PROMPT:
Below are some entries. Transcribe the lines from the one holding "٣٤٣٨ - قال أخبرتنا" to the one holding "Resources Available •", inclusive, but not the pictures among them.

MATERIAL SUPPLIED:
━━━━━━━━━━━━━━━━━━━━

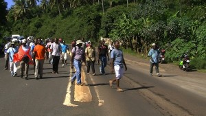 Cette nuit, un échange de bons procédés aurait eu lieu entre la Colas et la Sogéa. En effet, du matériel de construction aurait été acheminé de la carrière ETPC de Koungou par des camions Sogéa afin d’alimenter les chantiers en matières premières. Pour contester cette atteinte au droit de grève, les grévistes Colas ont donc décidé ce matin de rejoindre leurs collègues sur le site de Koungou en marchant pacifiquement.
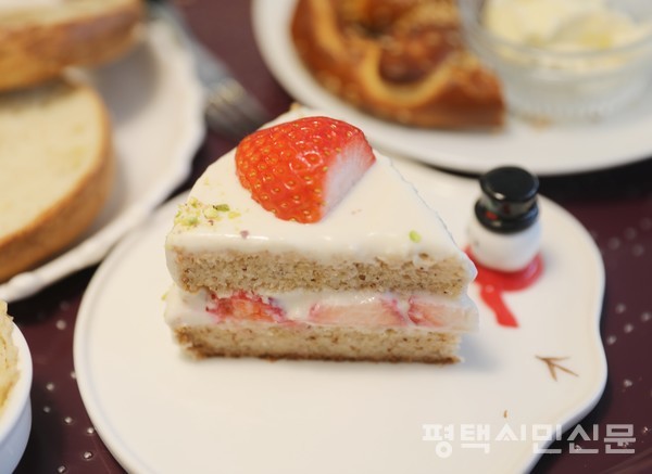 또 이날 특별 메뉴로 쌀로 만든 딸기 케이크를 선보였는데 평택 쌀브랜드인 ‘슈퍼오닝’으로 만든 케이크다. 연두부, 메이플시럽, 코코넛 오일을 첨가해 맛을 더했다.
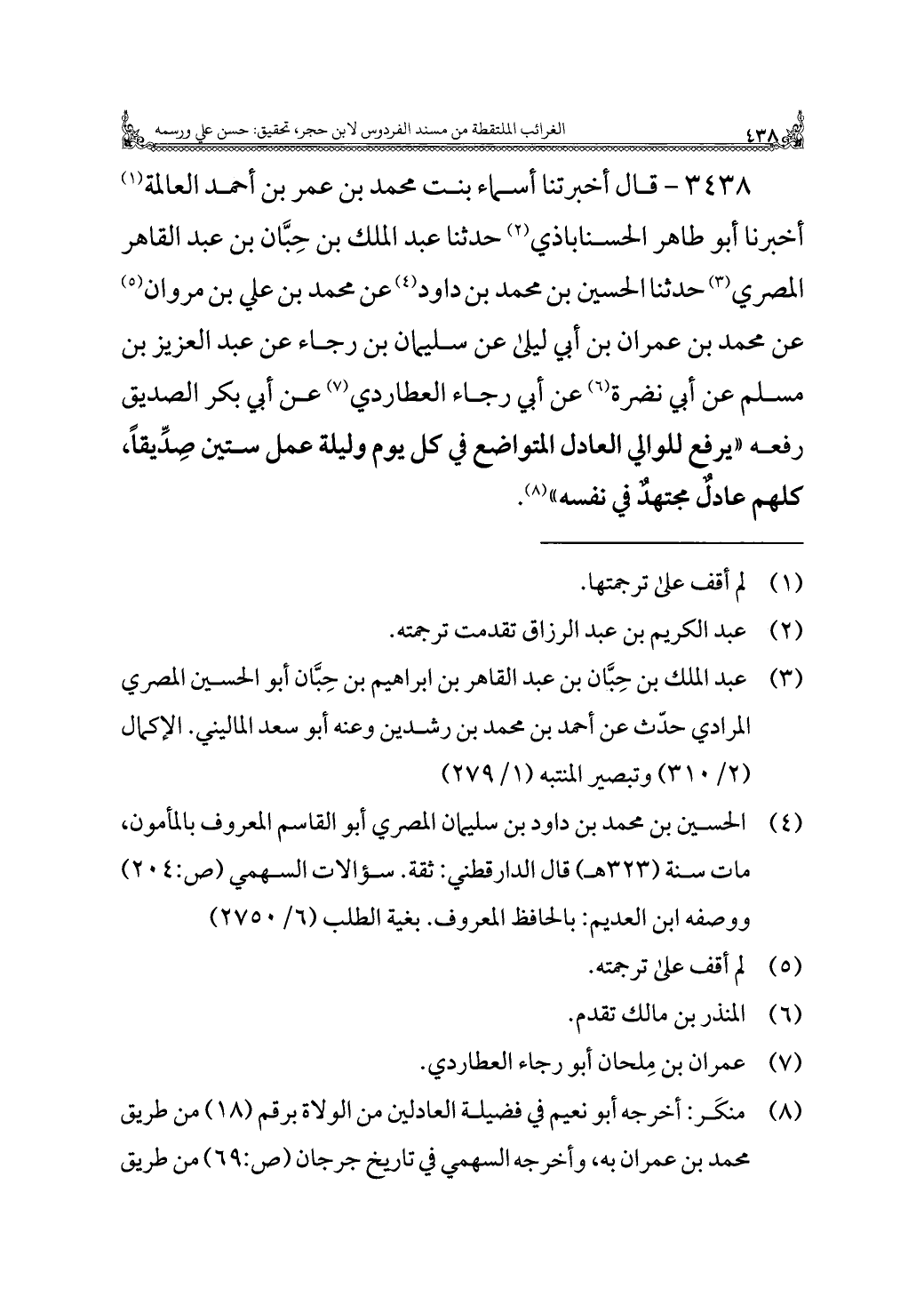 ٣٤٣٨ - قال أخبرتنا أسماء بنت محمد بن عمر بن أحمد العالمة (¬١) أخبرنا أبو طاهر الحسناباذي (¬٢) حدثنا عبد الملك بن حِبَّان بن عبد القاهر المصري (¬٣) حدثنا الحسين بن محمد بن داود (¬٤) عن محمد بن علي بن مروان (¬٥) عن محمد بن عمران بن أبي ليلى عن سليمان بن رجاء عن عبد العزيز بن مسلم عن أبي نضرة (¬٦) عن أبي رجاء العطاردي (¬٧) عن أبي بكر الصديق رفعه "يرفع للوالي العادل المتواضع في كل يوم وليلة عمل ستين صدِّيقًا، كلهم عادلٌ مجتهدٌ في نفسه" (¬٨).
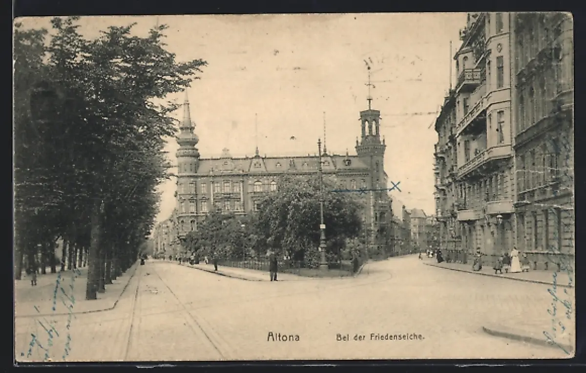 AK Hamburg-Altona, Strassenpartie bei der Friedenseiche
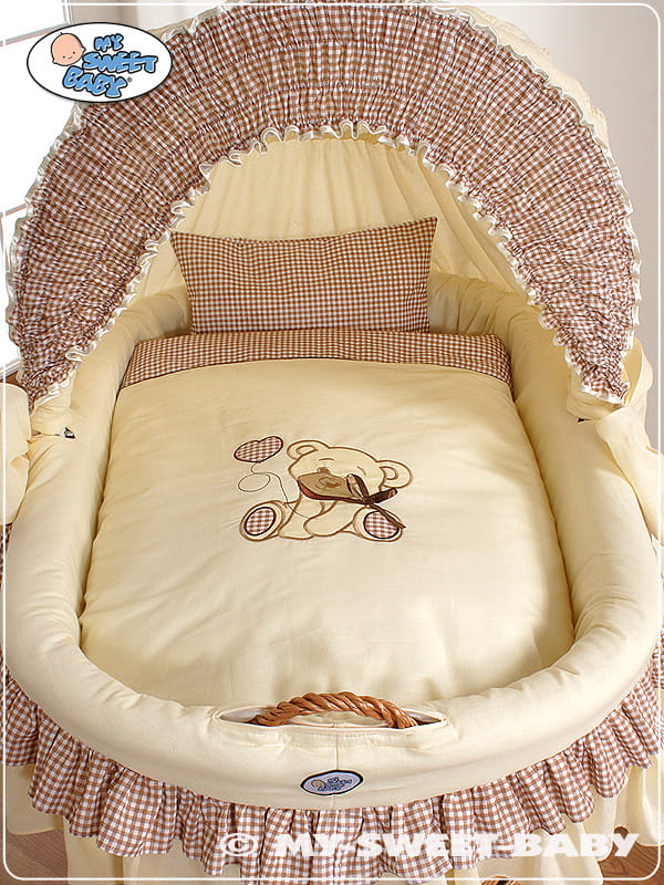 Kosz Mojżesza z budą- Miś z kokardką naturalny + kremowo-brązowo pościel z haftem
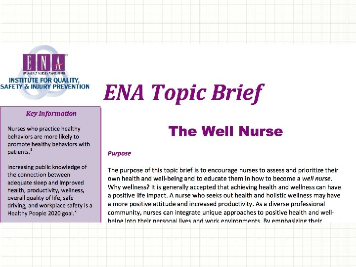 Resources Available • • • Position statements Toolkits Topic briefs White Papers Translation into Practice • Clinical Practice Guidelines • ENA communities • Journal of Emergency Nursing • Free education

━━━━━━━━━━━━━━━━━━━━

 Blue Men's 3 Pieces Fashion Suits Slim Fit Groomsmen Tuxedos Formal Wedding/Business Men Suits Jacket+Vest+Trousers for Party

━━━━━━━━━━━━━━━━━━━━

TASK OUTPUT:
 ٣٤٣٨ - قال أخبرتنا أسماء بنت محمد بن عمر بن أحمد العالمة (¬١) أخبرنا أبو طاهر الحسناباذي (¬٢) حدثنا عبد الملك بن حِبَّان بن عبد القاهر المصري (¬٣) حدثنا الحسين بن محمد بن داود (¬٤) عن محمد بن علي بن مروان (¬٥) عن محمد بن عمران بن أبي ليلى عن سليمان بن رجاء عن عبد العزيز بن مسلم عن أبي نضرة (¬٦) عن أبي رجاء العطاردي (¬٧) عن أبي بكر الصديق رفعه "يرفع للوالي العادل المتواضع في كل يوم وليلة عمل ستين صدِّيقًا، كلهم عادلٌ مجتهدٌ في نفسه" (¬٨).
 AK Hamburg-Altona, Strassenpartie bei der Friedenseiche
 Kosz Mojżesza z budą- Miś z kokardką naturalny + kremowo-brązowo pościel z haftem
 Resources Available • • • Position statements Toolkits Topic briefs White Papers Translation into Practice • Clinical Practice Guidelines • ENA communities • Journal of Emergency Nursing • Free education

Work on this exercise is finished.